Reflecting on Vancouver’s ‘New’ Left, 1970s/1980s.

Capitalism arrived along the eastern Pacific shores via small sailing vessels based in Europe and the eastern seaboard of the US in the late 1700s. Within a century an industrial resource extraction form of capitalism was fully entrenched. Many of my Indigenous ancestors worked hard in these new (to us) industries, but our labour power was not sufficient to fuel the insatiable desire of capitalist expansion. Soon peoples from the far flung reaches of the globe started to arrive in number and this place became British Columbia. By the early 20th century my ancestors were no longer the majority in our own lands. Rather, we had gone from being part of the economy to becoming apart from the economy. This is the backstory to the project I am embarking upon.

The extension of capitalist relations of production to British Columbia occurred in the context of a colonial expansion that brought people here from Europe, Africa, Asia, the Pacific, and other parts of the Americas. Some were advantaged by their class location, others shared in the experience of having value expropriated from them through the theft of their labour time. This project is about those who realized this theft and took action to change things in the 1970s and 1980s. The geographic focus is on the city and region commonly called Vancouver.

Drawing in part upon my experience as a member of an extra-parliamentary left grouping in the early 1980s I wish to seek out others who were involved in political activism that sought to bring into existence a radical post-class society. While I intend to include activists from across the time between 1968 (that bookmark year of radical uprisings) and 1983 (the start of the neo-liberal triumph) I will include activists whose life experiences extend before and after this central moment.

 Vancouver in the 1970s and 1980s was a site of intense radical-left activism. The space of activism included a vibrant anarchist milieu (including Direct Action, and the Wimmin’s Fire Brigade), neo-Troksyism (Revolutionary Workers League, International Socialist), remnants of an earlier 1960s Maoism (Workers Communist Party) and the traditional soviet influenced Communist Party of Canada, a host of Latin American support coalitions with links to the wave of revolutionary upheavals in Central and South America, Anti-Apartheid and African Liberation support groups linked to the disintegration of the racist colonial states of South Africa, Rhodesia, Mozambique, and Angola.

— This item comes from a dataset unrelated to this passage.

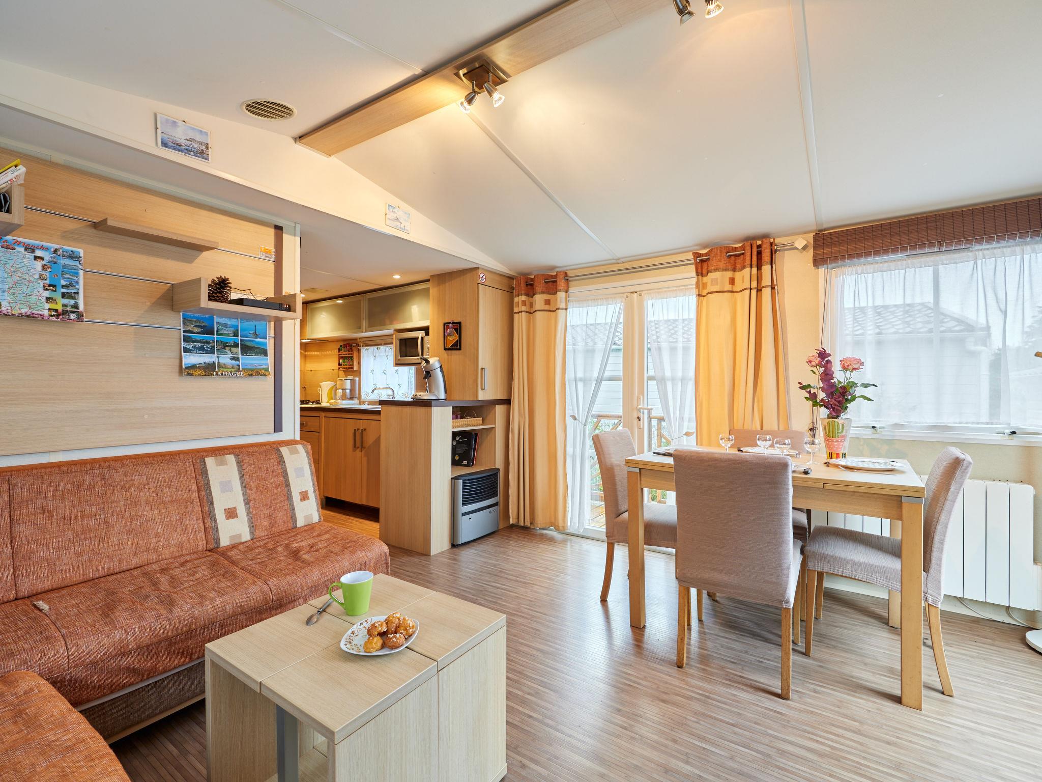 "Rêves & Sérénité", 3-room mobile home 40 m2. Comfortable and cosy furnishings: living/dining room 15 m2 with TV (flat screen). 1 room with 1 french bed (140 cm, length 190 cm). 1 room with 2 beds (80 cm, length 190 cm) with separate WC. Exit to the terrace. Large, open kitchen (oven, 4 gas rings, toaster, kettle, microwave, electric coffee machine, Capsules for coffee machine (Senseo)). Shower. Electric heating. Facilities: washing machine, dryer, hair dryer. Internet (WiFi, free). Parking (fenced 2 cars). Please note: non-smoking house. Maximum 1 pet/ dog allowed. Smoke alarm. Offer by a private individual according to Art. 155, IV of CGI.

Activists in this political scene believed in the possibility of a radical societal transformation based in a praxis of class struggle.

Forty and fifty years later the vision of radical societal transformation has been replaced by ideologies that prioritize individual transformation, no less radical, but radically different nonetheless. This project seeks out activists like myself to ask them to reflect on their life’s experiences, their moment of radical activism, how it may have shaped their lives and their choices they made, and then to reflect on their ideas now about what is seen as today’s radical left.